The Forge was moved to its present location on the corner of 5th Avenue and Junipero Street, when builder Hugh W. Comstock remodeled the Forge in 1940 at a cost of $1,200. Whitaker made the wrought hardware for many of the historic buildings in Carmel. He also served on the Carmel City Council for 13 years. When Whitaker left Carmel in the mid-1960s, the Forge became an artist's studio.

The Forge was converted to a restaurant and saloon in the fall of 1970, called Forge in the Forest.

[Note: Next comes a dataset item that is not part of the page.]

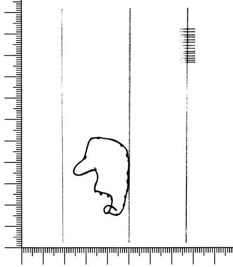 Tipo de filigrana: Sencilla Parte estudiada: Toda la filigrana Código del Motivo: A.02.01.00 Descripción: Cabeza de hombre. Estructura: Tradicional de líneas Altura (mm): 37 Anchura (mm): 26 Tipo de papel: Verjurado Posición en la hoja: Medio centro Nº de corondeles en la hoja: 8 Distancia entre corondeles: Situada entre el corondel 4 y el corondel 5 Posición en relación al texto: Paralelo al texto en el mismo sentido Origen de los datos: Datos obtenidos del original Información adicional: Son visibles las puntadas que unen la filigrana a la verjura. Se acumula pulpa entre el corondel de apoyo y el borde externo de la hoja. Autor de los datos de este registro: María Dolores Díaz de Miranda Macías y Ana María Herrero Montero Tipo de uso: Papel para escribir Estado de la hoja: Cortado borde derecho Altura de la hoja: 302 Anchura de la hoja: 214 Color de la hoja: Natural Estado de conservación: Regular pH del papel: 6,36 (oscila) Indicador de pH: Indicador universal Institución: RIDEA

Photographs of Whitaker and the original Forge building are on display inside the current Forge restaurant.

===Blacksmith mayor of Carmel===
Catlin was a candidate for city councilman in 1928 and 1930. He became mayor of Carmel from 1932-1934 and succeeded poet mayor Herbert Heron.

His election as mayor was during the Great Depression and the Prohibition. Catlin was successful to overturn a law enforced by the Carmel Development Company that profited alcohol consumption for property owners. He served on Carmel's city council in 1934.

==Death==
Catlin died on July 9, 1951, at age 81, in Carmel-by-the-Sea after a brief illness. Funeral services were private at the Dorney and Farlinger mortuary in Monterey.